Is “Stan, the Submerging Man” — a towering, luminous work of art formerly at the corner of First and E streets — the public statue world’s version of a rake? This week he was dismantled and carted away, destined for a sculpture show.
Not such a rake, says John Natsoulas, owner of the John Natsoulas Gallery where Stan stood in front. Stan remains the property of his creator Finley Fryer, Natsoulas said, and all the people who have been angry with the gallery that Stan is gone have forgotten that the city doesn’t own the sculptures and they were always meant to be changed out every couple of years.
During the next year or so, public sculptures throughout downtown Davis will be switched out for new ones, ready for a whole new tour and a whole new audience — as was promised when they went in. The most any piece will stay put is three years, Natsoulas said.
“The sculptures are not owned by the city of Davis,” he said. “The sculptures are not put up by the city of Davis.”

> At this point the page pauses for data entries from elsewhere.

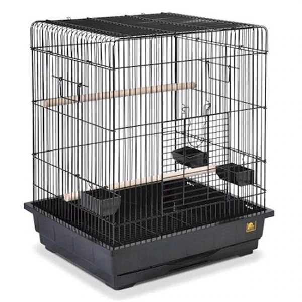 Features: Dimensions: 25" W x 21" D x 29.5" H 3/4" Wire Spacing 9 Gauge Wire Available in Black Superior construction Uniquely molded plastic base 3;Feeder cups 2;Perches The;Square Roof Parrot Cage is a new larger cage offering plenty of room for small parrots such as African greys and eclectuses. A large front door opens down landing-style and provides access to the entire cage interior. The removable bottom grille and pull-out bottom tray help make cleaning quick and easy.;This bird cage;is designed for small parrots such as African greys and eclectuses.
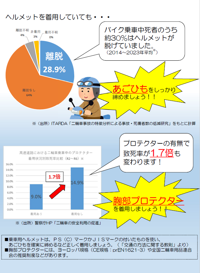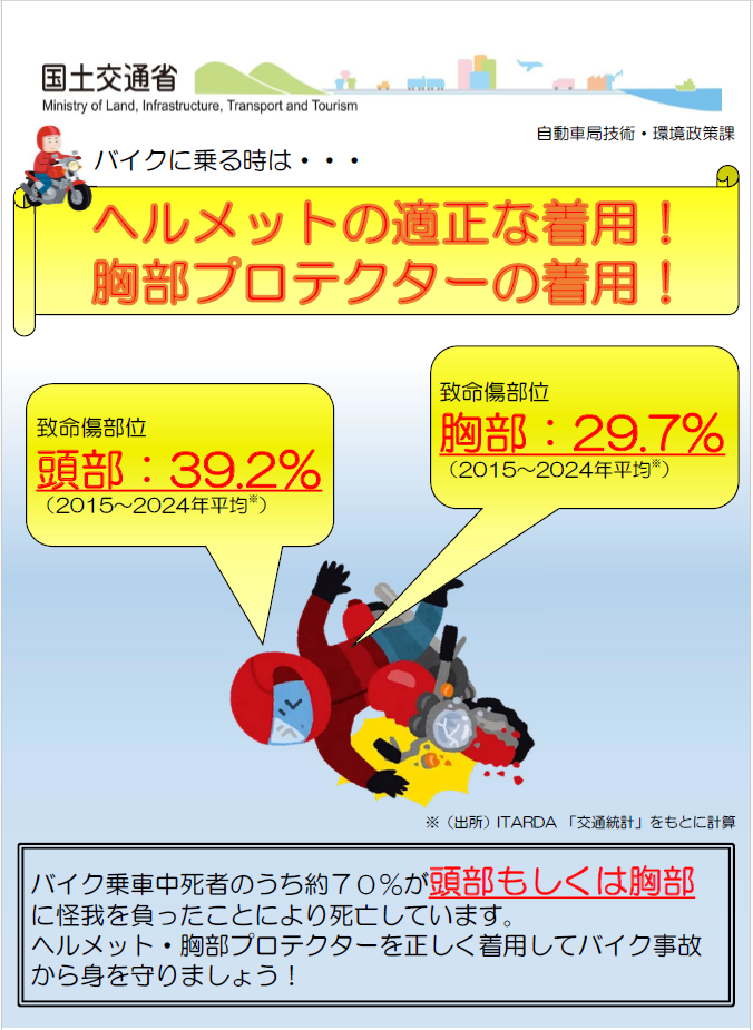 事故が発生時した際に皆様の体を守るためにも、二輪車乗車時におけるヘルメットの適正な着用ならびに、胸部プロテクターの着用にご協力を頂けますようお願いします。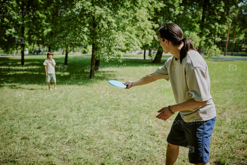 Отец играет в гребную игру с юным сыном на открытом воздухе в летнем парке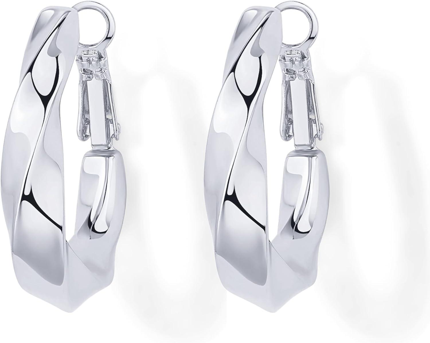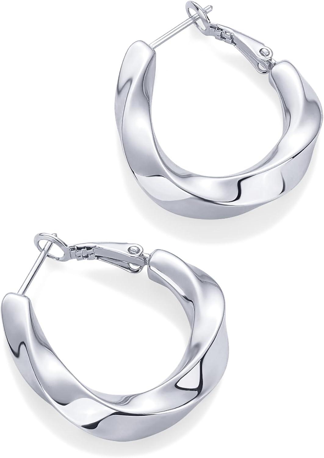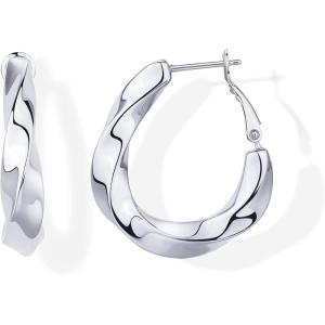PAVOI 14K Gold Plated 925 Sterling Silver Posts Chunky Wavy Hoop Earrings for Women | Lightweight Statement Twisted Endless Wave Hoops Earrings(White Gold)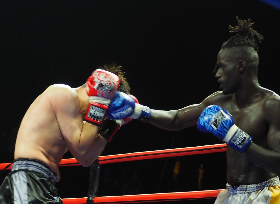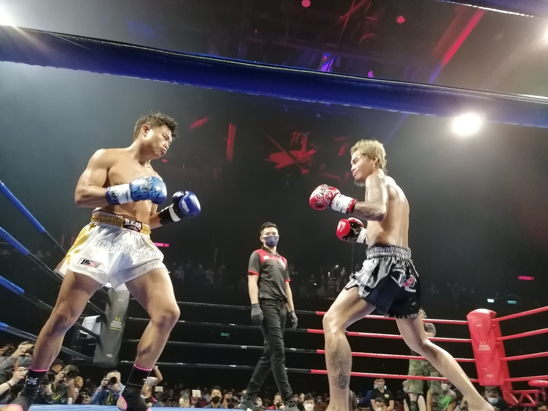 香港拳手陳展業(右)對戰香港拳手朱嘉勤。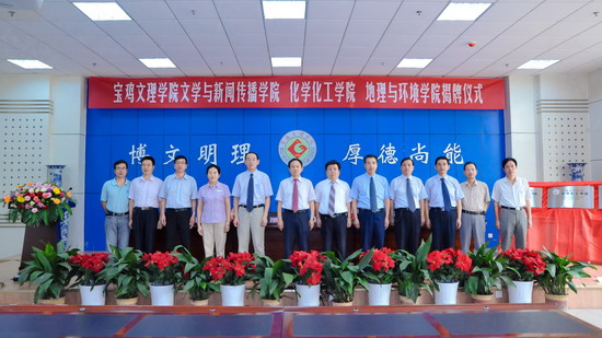 9月6日,beat365官网在新校区甘棠厅举行文学与新闻传播学院、化学化工学院、地理与环境学院揭牌仪式。党委书记、校长王志刚,党委副书记米晓东、李全武,副校长傅志军、赵荣侠、杨子元等出席会议。王志刚发表讲话并与米晓东为三个学院揭牌,傅志军宣读《关于中国语言文学系等三个系更名为二级学院的通知》(宝文理院党字[2012]22号),赵荣侠主持揭牌仪式。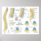 Illustrations of spinal degeneration of the cervical and lumbar spine. Disc herniation of the cervical and lumbar spine. Phases of spinal degeneration. Labeled cervical and lumbar vertebrae.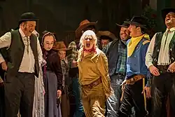 At the time of the premiere of the stage musical of Calamity Jane, Warner Bros. was considering mounting a Broadway production of the play,[17] but US performances of the stage musical of Calamity Jane have remained essentially confined to the repertory and amateur theater scene. A Broadway production announced in 2005, using a revised book by Randy Skinner, who would also direct and choreograph,[18] failed to materialize—though the prospective production held readings in New York City with C&W singer Louise Mandrell as Calamity Jane and veteran musical actor Brent Barrett as Wild Bill (Barrett had played Frank Butler opposite Reba McEntire in Annie Get Your Gun at the Marquis in 2001).[19] Louise Mandrell eventually headlined a repertory production of Calamity Jane by the Good Company Players, featuring Dan and Emily Pessano, Teddy Maldonado, Brian Pecheau, Tami Cowger, and Jacob Carrillo.[20] The production ran 19 July - 16 September 2012 at Roger Rocka's Dinner Theater in Fresno.[20] Mandrell would then twice headline one-off performances of Calamity Jane, firstly on 11 September at the Folly Theater in Kansas City MO as an event in the Arts Midwest 2015 Conference,[21] and subsequently on 11 October 2015 at the CMA Theatre as an event in the International Entertainment Buyers Association 2015 Conference.[22] The Good Company Players would encore their production of Calamity Jane at Roger Rocka's Dinner Theater July 18-September 15, 2019, with Mandrell again headlining.[23][24]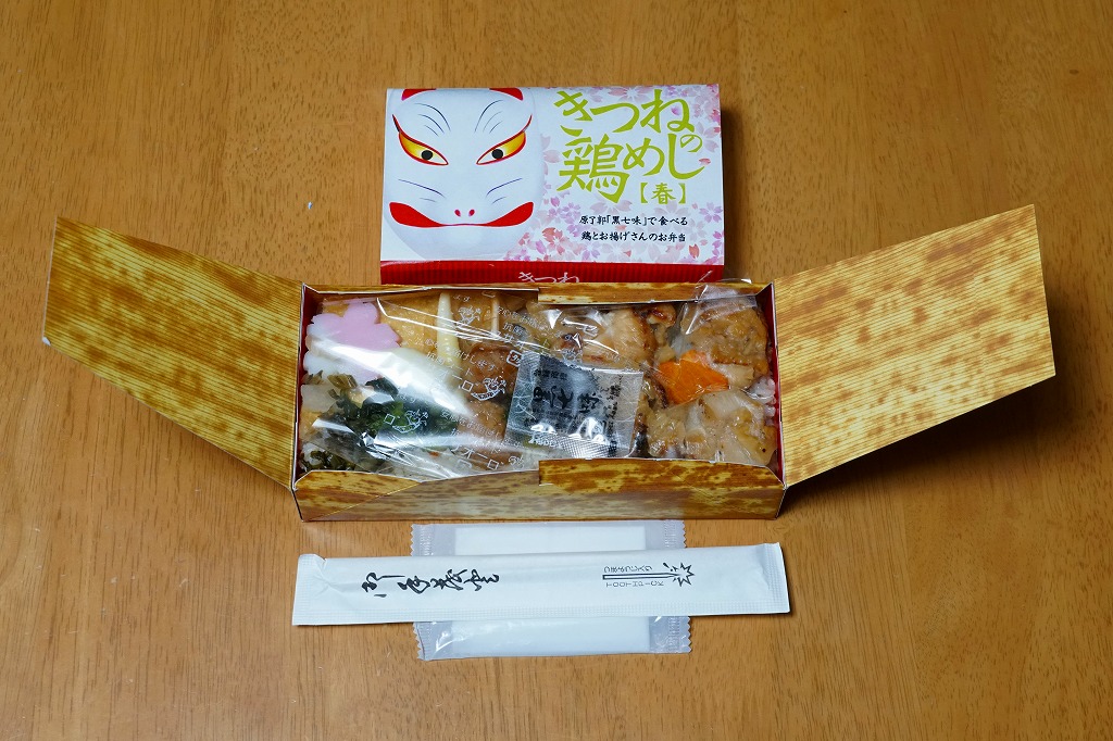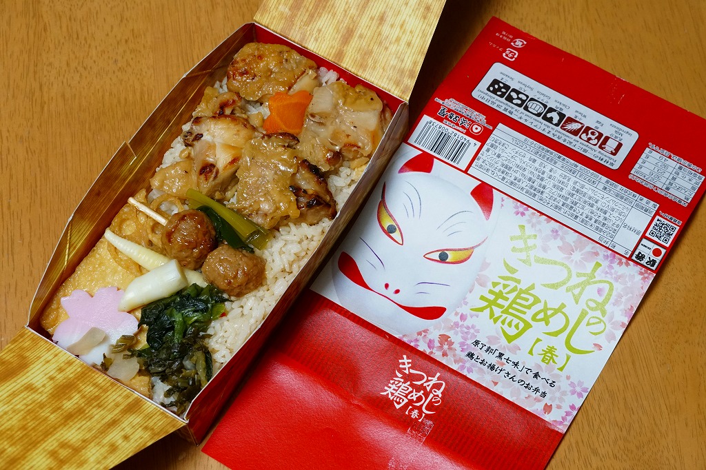 油揚げの炊込飯を詰め、鶏照焼、油揚げ、鶏つくね、すぐき、ネギ、レンコン素揚げ、ニンジンを散らし、かまぼこと菜の花を詰め、原了郭の黒七味を添付する内容も、従前とほぼ同じ。季節で中身を変えたはずが、その違いにはほぼ気が付かない、油揚げ風味の鶏飯。価格は2021年の発売時で850円、2023年時点で920円、2024年時点で980円、2025年時点で1,050円。

And that’s the point. The art legally belongs to the artists, not the community. Still, local artists are busy making replacements.
Soon, a Yeti sculpture will go in downtown. In the spring, an 18-foot-tall dog made of recyclable materials will replace Stan, once again tempting passing students and downtown visitors to think of it as permanent, when the whole time its eyes will wander.
But this is no time for jealousy. The Davis public art world is bursting at the seams. There’s a 130-foot-long mural at the F Street garage due to be painted by the community next weekend with plans for artistic benches built around the garage next summer.
More importantly for Natsoulas, the city has blessed the project so it can happen.
“The obstructionists are all gone and the (City) Council is for us,” he said. “This is not art. This is community.”
There will be a new Davis Art Walk map available on April 15, showing all-new paths to the works, some of which will be interactive with cell phones using RFID tags.
Roughly two years ago, state Sen. Lois Wolk, D-Davis, emceed the kickoff event for the first transmedia walking tour of public art in Davis, which heralded the installation of five new art pieces around town, with the promise of more than 10 more.
It was meant to be a single project, Natsoulas said, but the community emerged to be a part of more. More murals, more sculptures, more celebration of the city through art.
“I think things have changed,” he said. “The psychology has changed. The city needs to allow things to happen and the community wants to do these things.”